• Work to be completed
The reply must consist of the lines from the first line of the records through the line containing "色音 レザー袴 ブラック", copied exactly, with every picture omitted.

(Stored items)
######
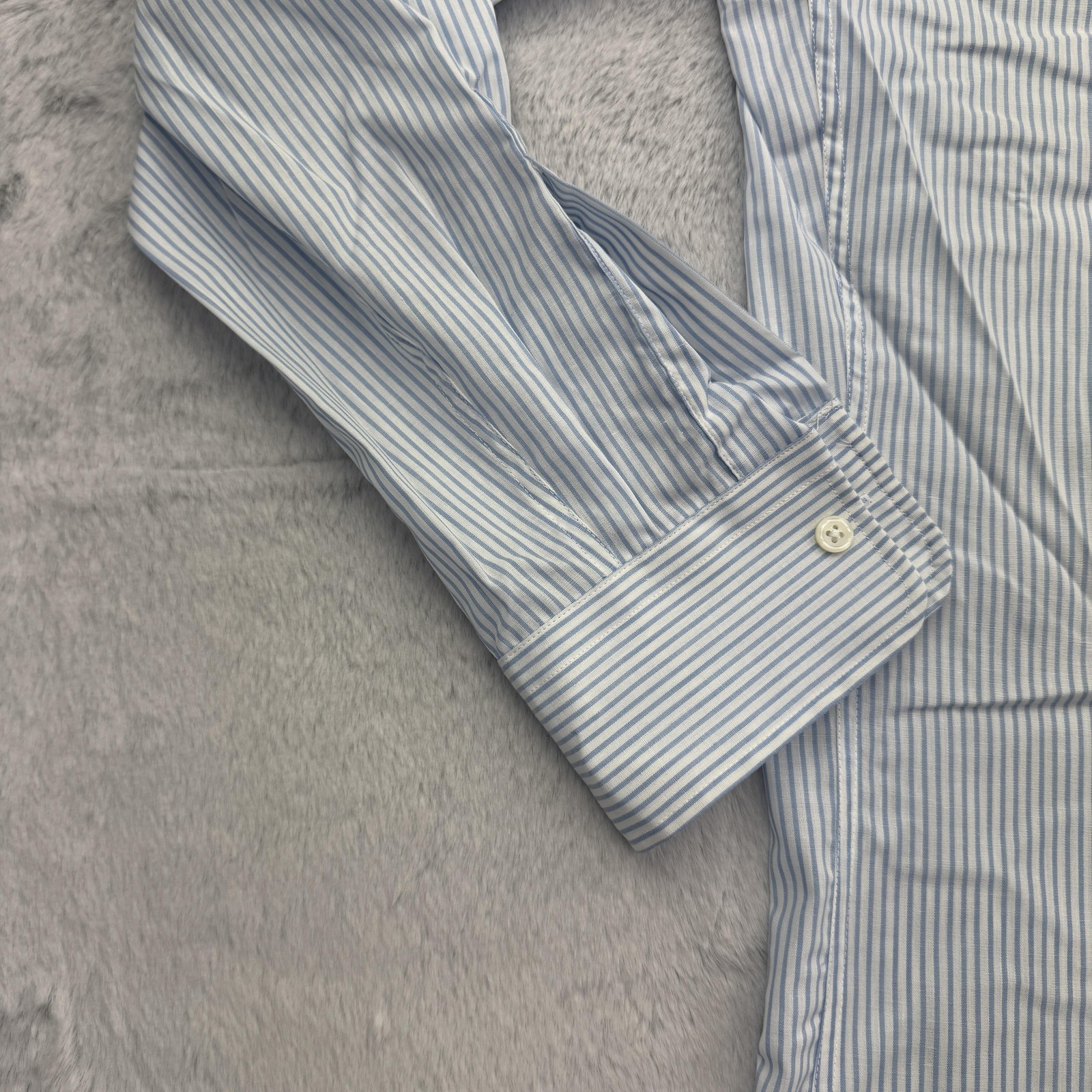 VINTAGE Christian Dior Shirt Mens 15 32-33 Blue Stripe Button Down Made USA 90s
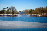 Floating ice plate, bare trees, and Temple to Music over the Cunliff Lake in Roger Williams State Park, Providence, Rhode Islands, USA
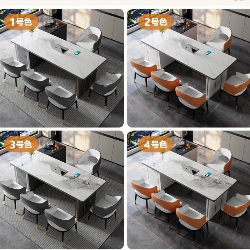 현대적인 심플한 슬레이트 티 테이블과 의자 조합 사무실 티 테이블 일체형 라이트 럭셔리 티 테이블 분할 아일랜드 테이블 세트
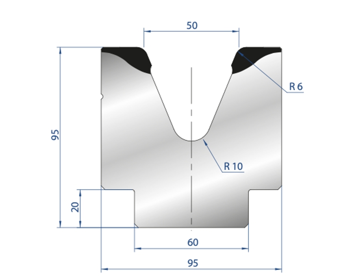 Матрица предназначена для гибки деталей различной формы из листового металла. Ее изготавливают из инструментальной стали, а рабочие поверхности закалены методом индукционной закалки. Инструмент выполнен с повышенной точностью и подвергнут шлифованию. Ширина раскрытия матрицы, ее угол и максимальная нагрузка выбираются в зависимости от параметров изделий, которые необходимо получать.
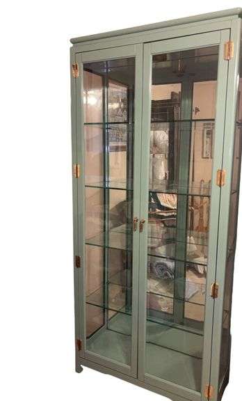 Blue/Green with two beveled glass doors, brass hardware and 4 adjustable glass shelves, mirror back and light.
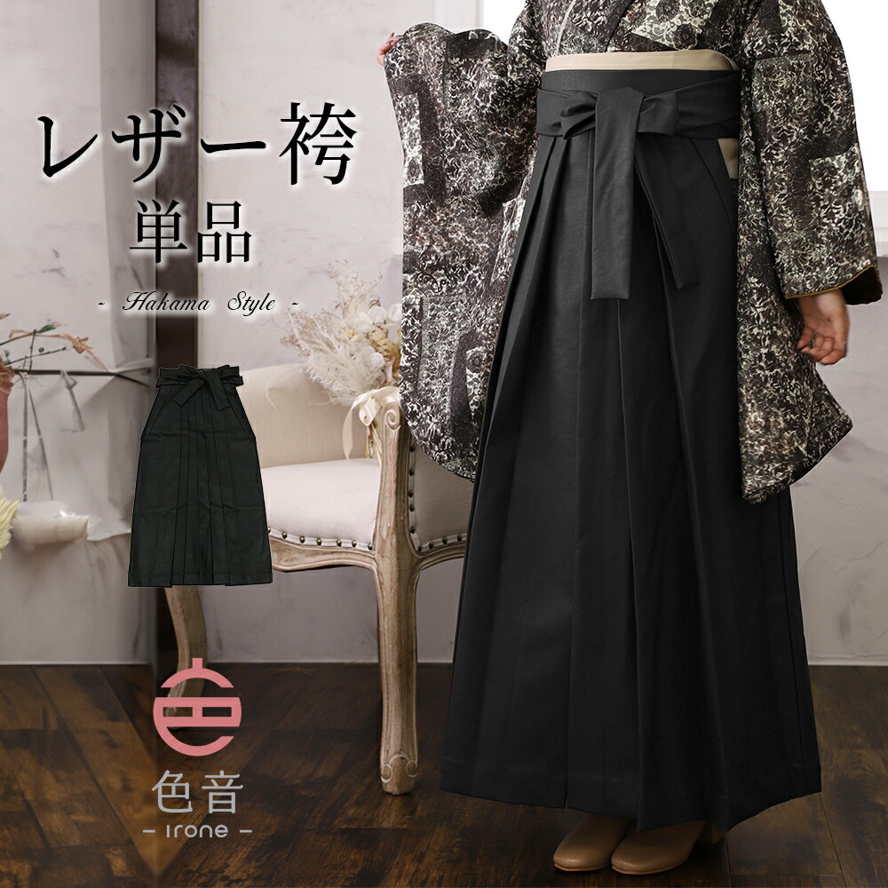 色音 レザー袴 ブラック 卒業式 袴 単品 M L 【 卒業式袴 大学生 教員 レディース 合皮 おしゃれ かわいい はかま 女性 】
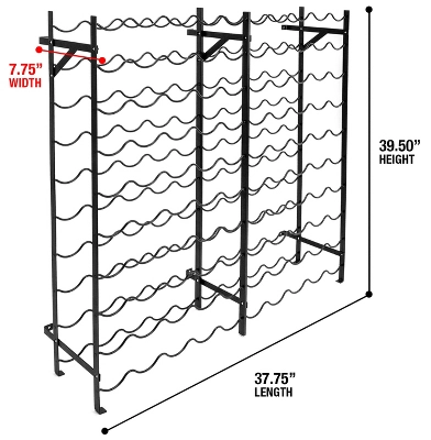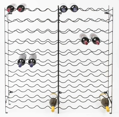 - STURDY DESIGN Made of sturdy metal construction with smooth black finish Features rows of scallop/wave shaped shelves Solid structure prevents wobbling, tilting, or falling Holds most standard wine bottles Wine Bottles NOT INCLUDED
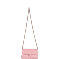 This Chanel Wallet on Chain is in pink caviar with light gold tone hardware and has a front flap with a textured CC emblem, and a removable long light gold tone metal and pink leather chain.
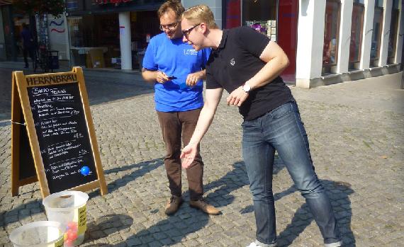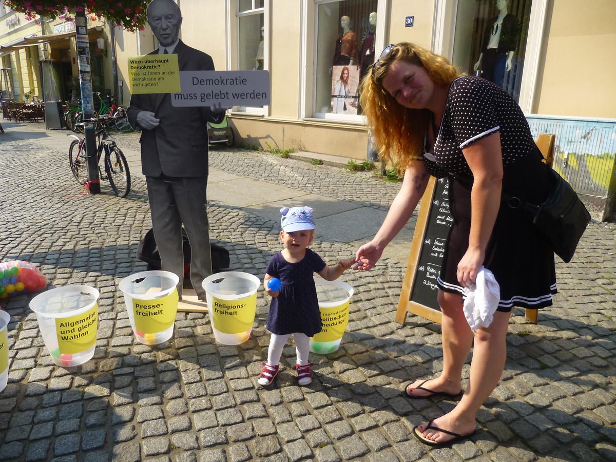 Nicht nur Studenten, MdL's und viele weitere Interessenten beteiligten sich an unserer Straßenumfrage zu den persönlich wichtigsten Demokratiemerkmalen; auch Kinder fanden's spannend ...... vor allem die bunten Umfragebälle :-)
######
• Exercise response
 VINTAGE Christian Dior Shirt Mens 15 32-33 Blue Stripe Button Down Made USA 90s
 Floating ice plate, bare trees, and Temple to Music over the Cunliff Lake in Roger Williams State Park, Providence, Rhode Islands, USA
 현대적인 심플한 슬레이트 티 테이블과 의자 조합 사무실 티 테이블 일체형 라이트 럭셔리 티 테이블 분할 아일랜드 테이블 세트
 Матрица предназначена для гибки деталей различной формы из листового металла. Ее изготавливают из инструментальной стали, а рабочие поверхности закалены методом индукционной закалки. Инструмент выполнен с повышенной точностью и подвергнут шлифованию. Ширина раскрытия матрицы, ее угол и максимальная нагрузка выбираются в зависимости от параметров изделий, которые необходимо получать.
 Blue/Green with two beveled glass doors, brass hardware and 4 adjustable glass shelves, mirror back and light.
 色音 レザー袴 ブラック 卒業式 袴 単品 M L 【 卒業式袴 大学生 教員 レディース 合皮 おしゃれ かわいい はかま 女性 】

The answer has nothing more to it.